Although the Second Circuit standard for "related to" jurisdiction requires a court to determine whether an action will have "any conceivable effect" on the bankruptcy estate, In re Cuyahoga Equip. Corp., 980 F.2d 110, 114 (2d Cir. 1992), it does not require federal district courts constantly to revisit jurisdictional findings to determine whether the effect of the litigation on the bankruptcy estate remains "conceivable." Instead, federal jurisdiction arising under Section 1334 is determined, like federal jurisdiction generally, on the basis the facts at the time of removal. See In re Bissonnet Invs. LLC, 320 F.3d 520, 525 (5th Cir. 2003); In re Celotex Corp., 124 F.3d 619, 626 (4th Cir. 1997); In re Toledo, 170 F.3d 1340, 1346 n. 8 (11th Cir. 1999).
Although the Second Circuit has not squarely addressed this issue in the context of Section 1334 jurisdiction, its reasoning in Four Star Holding is instructive. See Four Star Holding, 178 F.3d at 100-01. In that case, the sole basis for federal jurisdiction alleged in the complaint was 12 U.S.C. § 1819(b), which provides that "all suits of a civil nature at common law or in equity to which the [FDIC], in any capacity, is a party shall be deemed to arise under the laws of the United States." Id. at 100. The FDIC invoked federal jurisdiction because it held the assets in question at the time the complaint was filed, but while the litigation was pending, the FDIC transferred its interest in the property to a third party. Id. Defendants then argued that because the transfer of assets removed the FDIC from the action, federal jurisdiction no longer existed. The Second Circuit rejected this argument and held "that the transfer of assets by FDIC to a private third party does not divest the court of subject matter jurisdiction." Id. The court explained that "[a]dopting a rule which would make federal jurisdiction contingent on who owned an interest in certain property at a particular time could well have the effect of deterring normal business transactions during the pendency of what might be lengthy litigation." Id. at 100-01.

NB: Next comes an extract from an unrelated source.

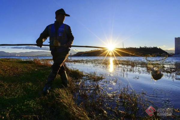 冬日清晨的大理洱海龙龛码头,朝阳穿透云层,金色霞光将岸边的杉树林映衬得格外艳红。成群的西伯利亚红嘴鸥展开白色的羽翼在空中盘旋,一对对婚纱旅拍的情侣沿着海岸站成风景,甜蜜浪漫的氛围在天地间晕染。

Similarly, adopting a rule that would divest federal courts of subject matter jurisdiction over actions "related to" a bankruptcy estate as the confirmation of the reorganization plan grew near would create perverse incentives for the parties to engage in delay and gamesmanship in both the bankruptcy reorganization and the related litigation. Even if the Plan is confirmed and the bankruptcy case dismissed, this Court will retain jurisdiction. Cf. In re Porges, 44 F.3d 159, 162 (2d Cir. 1995) ("the dismissal of an underlying bankruptcy case does not automatically strip a federal court of jurisdiction over an adversary proceeding which was related to the bankruptcy case at the time of its commencement").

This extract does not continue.